Compared to Fahrenheit 911, it is a bomb. A big stinking bomb. Oh don’t count too much on video making up the difference with Sicko. As big as Fahrenheit 911 was, it didn’t even make 2 million on video. March of the Penguins made 30 million on video.

I'm guessing that you're yanking my chain, but anyway--what's your point? Let's say that Sicko is not a box-office success (even though it demonstrably is)--what's your point? Do you judge films by their receipts?
 
Mixing sources for statistics isn't exactly factually inaccurate (those statistic do exist, so in a sense they're facts), but it is deceptive and dishonest. People assume that when you cite statistics like Moore apparently does (such as Cuban per-person medical expenditures versus American per-person medical expenditures), that they're comparable. But they aren't really: they're from different sources, which used different methodologies to get those statistics. When you mix and match like that, you can exagerate or minimize differences which might be the same (relatively speaking) within either data set, hence creating a false impression despite the fact that no single number is exactly false.

Except I don't see where Moore did this. He used United Nations Human Development Report statistics. It was CNN who used different sources, and still CNN was forced to apologize for getting their facts wrong.

Here's a link from a diary at the DailyKos which I think does a fair job of discussing the criticisms.

http://www.dailykos.com/storyonly/2007/7/15/202247/558
 
I've seen Sicko, the first Michael Moore film I've seen. With all the flap about F911, I didn't want to see that particular film.

The first thing I'll say is that Michael Moore approaches his subject with a cool, clinical precision. He doesn't rant. He presents a series of facts to back up his assertions. There are no loud plays to emotion. He makes a statement, and backs it with facts and first-person interviews. Only occasionally does he make an unsupported opinion, such as speculating that the government doesn't want us to like the French so we won't want their level of health care.

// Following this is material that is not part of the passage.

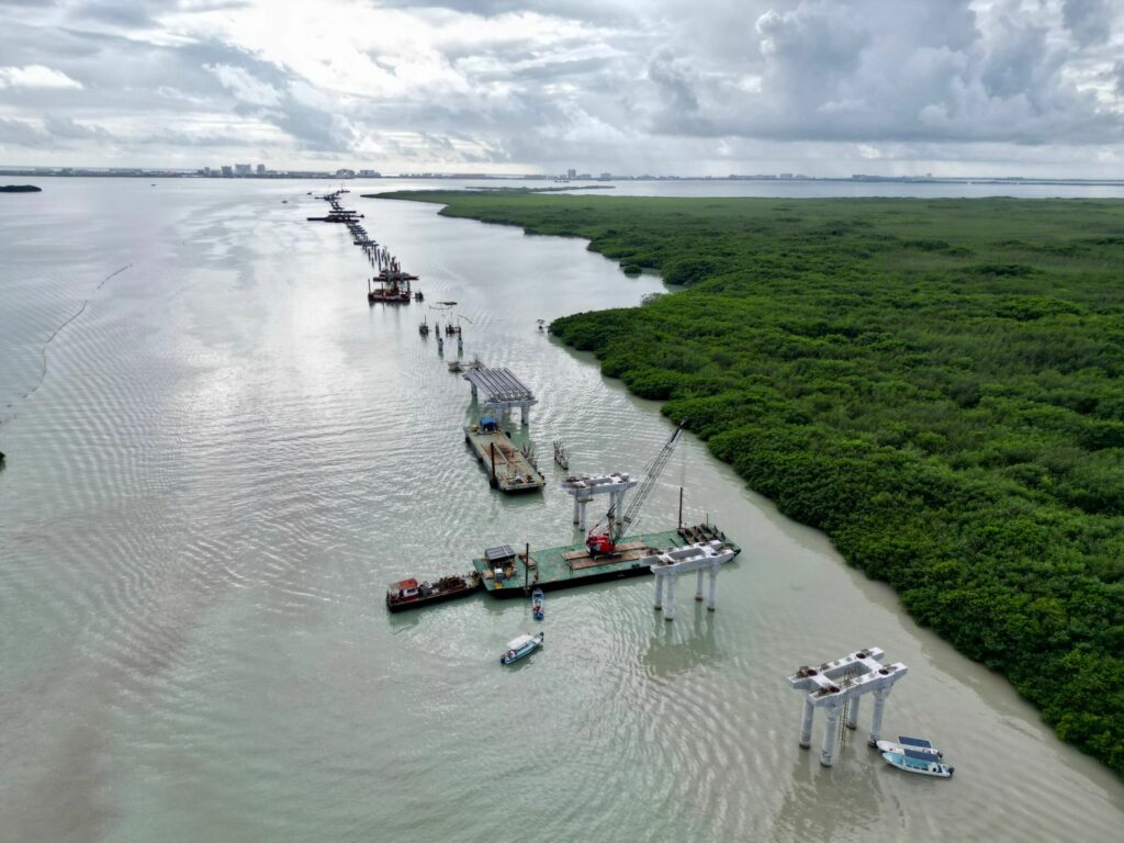 “En cuanto a su conclusión, la intención es que termine el año que viene y esperamos la fecha definida de la misma”, afirmó, en reconocimiento de que no se cumplirá la meta de inaugurar el puente sobre la laguna Nichupté antes de la Navidad de este 2025.

He DOES show people in a state of crisis. You feel for them. He gives the impression of being out with the regular people. That's something that Bush has never been able to pull off, because he never was.

You can say that Moore cherry-picks the facts he gives. You can say the same about the "other" side as well.

My suggestion is that you go see this movie, not to support the film, but to evaluate it critically.